Considering the first "service" is a check and tighten and not the old fashioned replace the special run in oil which in new engines was normal, I decided to get the oil done, as prevention is allways better than cure. Normal interval here is 9 months and 15000km so figured about 50% of that was good. 
Unfortunately fixed price service only extends to the regular services, so it was relativly speaking expensive, but again I would rather prevent than cure anyday.

Side issue. 
2 days wasted, 
Day 1=oil and tyres done but after several hours found that dealer internet was down so no Mylink update. At least comfy lounge and lots of free coffee 
Day2=2 hours to find out no update available, even though customer support advise there is. Several phone tag phone calls later and it appears the dealer is getting training on how to do updates! Not exactly what you want to hear re your cars technology but I suppose they will work through it!

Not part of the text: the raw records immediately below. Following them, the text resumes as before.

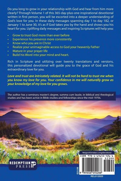Do you long to grow in your relationship with God and hear from him more clearly? Through Volume 1 of this 365-day-plus-one inspirational devotional written in first person, you will be escorted into a deeper understanding of God's love for you. In these daily messages spanning day 1 to day 182, or January 1 to June 30, it's as if God takes you by the hand and shows you his heart for you. Uplifting daily messages and inspiring Scriptures will help you: Grow to trust God more than ever before Experience his presence more consistently Know who you are in Christ Realize your unimaginable access to God your heavenly Father Mature in your prayer life Build his Word into your mind and heart. Rich in Scripture and utilizing over twenty translations and versions, this personalized devotional will guide you to the grace of God and his extraordinary love for you. Love and trust are intricately related. It will not be hard to trust me when you know my love for you. Your confidence in me will naturally grow as your knowledge of my love for you grows.
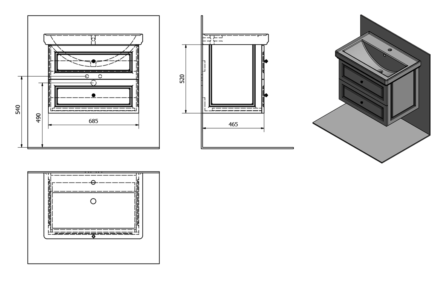 Furniture is equipped travels drawers with slow release and an automatic closing movement drawers. No more noisy closing.
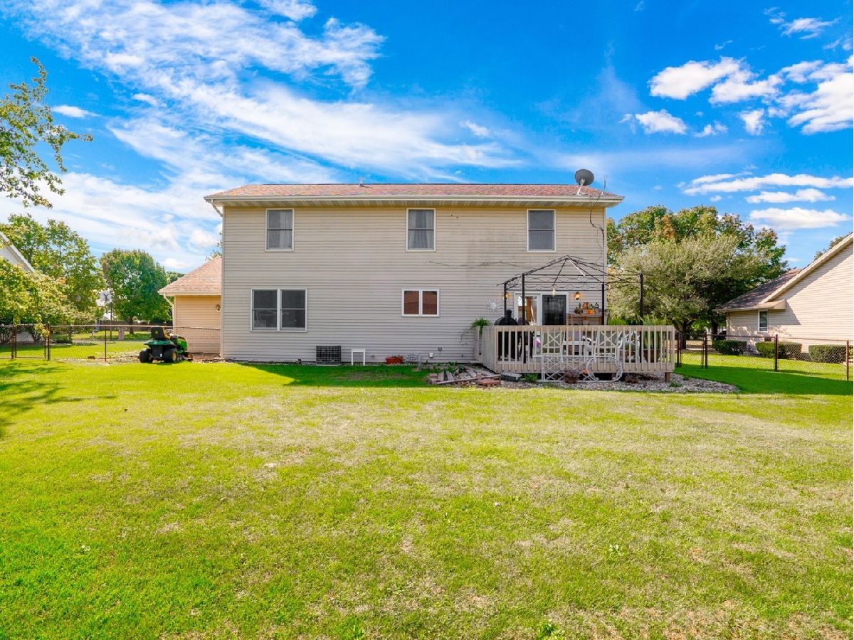 Spacious 4 bedroom home includes cathedral ceiling and cozy fireplace in the living room. Kitchen features oak cabinets, island and table space. First floor master bedroom, three additional bedrooms upstairs along with a bonus room. Unfinished basement and three car garage. Enjoy cool evenings on the deck in the fenced in backyard. Also included is a reverse osmosis water filtration system. Call your REALTOR today!
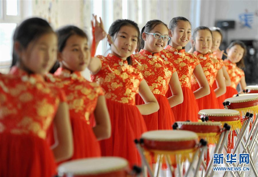 11月20日,在平泉市祥宁街小学,学生在表演“凌河大鼓”。近年来,河北省平泉市祥宁街小学挖掘本地乡土文化资源,利用课余时间开设民间曲艺“凌河大鼓”课程,让学生们感受传统文化的魅力。新华社记者 王晓 摄
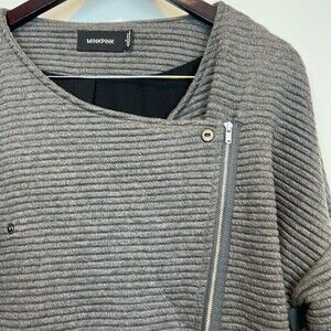 MINKPINK Take Care Biker Zip Jacket Ribbed Gray SZ Lg
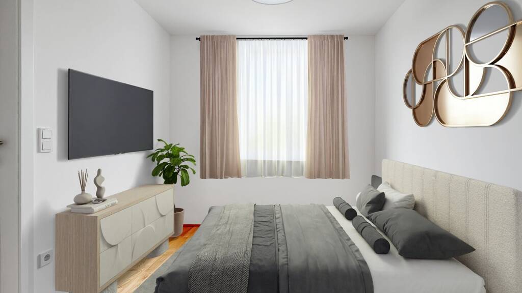 Das Wohngebäude umfasst 31 modern gestaltete Wohneinheiten mit Größen zwischen 31 m² und 72 m², die überwiegend mit großzügigen Außenflächen wie Balkonen oder Terrassen ausgestattet sind. Die hochwertigen Materialien, darunter Eichenparkettböden und dreifach-isolierverglaste Kunststofffenster mit elektrisch bedienbarem Sonnenschutz, garantieren ein angenehmes Wohnklima. Ergänzt wird dies durch zeitgemäße Sicherheitsstandards wie Rauchmelder in allen Aufenthaltsräumen (außer in Küchen) und Brandschutzwohnungseingangstüren.

Tinting applied, but it's raining in Sydney so no pictures yet!


----------



## PanJet (Jun 18, 2013)

boraz said:


> youre confusing EGR with DPF


No, I'm not. EGR has nothing to do with the discussion.

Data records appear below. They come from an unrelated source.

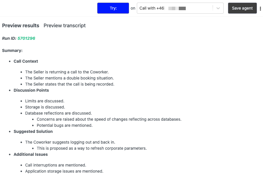 - Support Call - Each template will come with a pre-filled description of what the AI Agent should analyse. Refine the focus by adding your objective in the final box, Describe what you want to find.
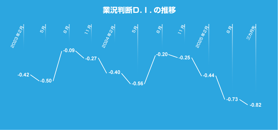3か月先の業況に関する判断DIについては、-0.82と前回( -0.33)から大幅に下落。
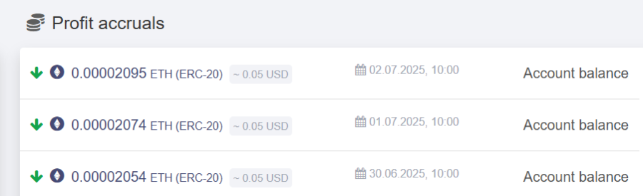 Once capitalized, the income is automatically added to the client's deposit and becomes available to withdrawal or further income generation.
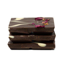 Dark chocolate decorated with white chocolate and rose petals is a combination of elegance and a subtle aroma.
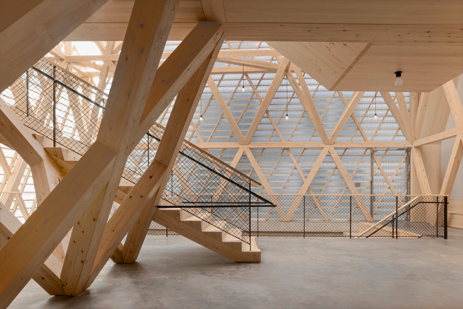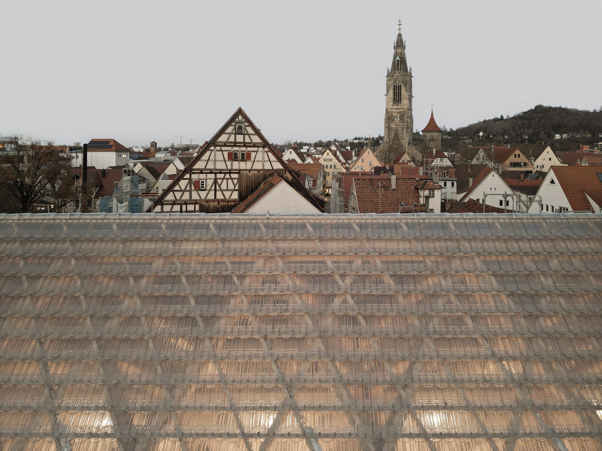 The new building's geometrically complex, load bearing wooden structure was developed parametrically. The architectural requirements and constructive logic align precisely. A triple-layer, gradually dissipating substructure of diagonally and horizontally overlapping wooden members carries the glass beaver-tail tiles as external cladding for weather protection.

During a DPF regen, raw fuel is introduced into the exhaust to help burn off the particulate matter in the DPF. There are two ways fuel is introduced into the exhaust: 1) A post-combustion injection of fuel during the exhaust stroke of the piston, and 2) an additional fuel injector directly into the exhaust. Most diesel engines have employed the first method with the exception of some newer engines like the latest Dmax trucks which actually have a separate injector into the DPF.

The problem with biodiesel comes when you introduce raw fuel into the cylinder _after_ the combustion cycle. Regular petro diesel will vaporize, but biodiesel does not vaporize as easily as petro diesel. The result is some of the biodiesel sticks to the cylinder walls and gets past the rings and ultimately into the oil causing oil dilution. This is the cylinder "wash" that was mentioned earlier.

With an additional injector, this issue becomes moot, but our engines do not have an additional injector but rather employ a post-combustion injection during a DPF regen. Therefore, use of biodiesel can result in oil dilution hence the _possible_ need for more frequent oil changes.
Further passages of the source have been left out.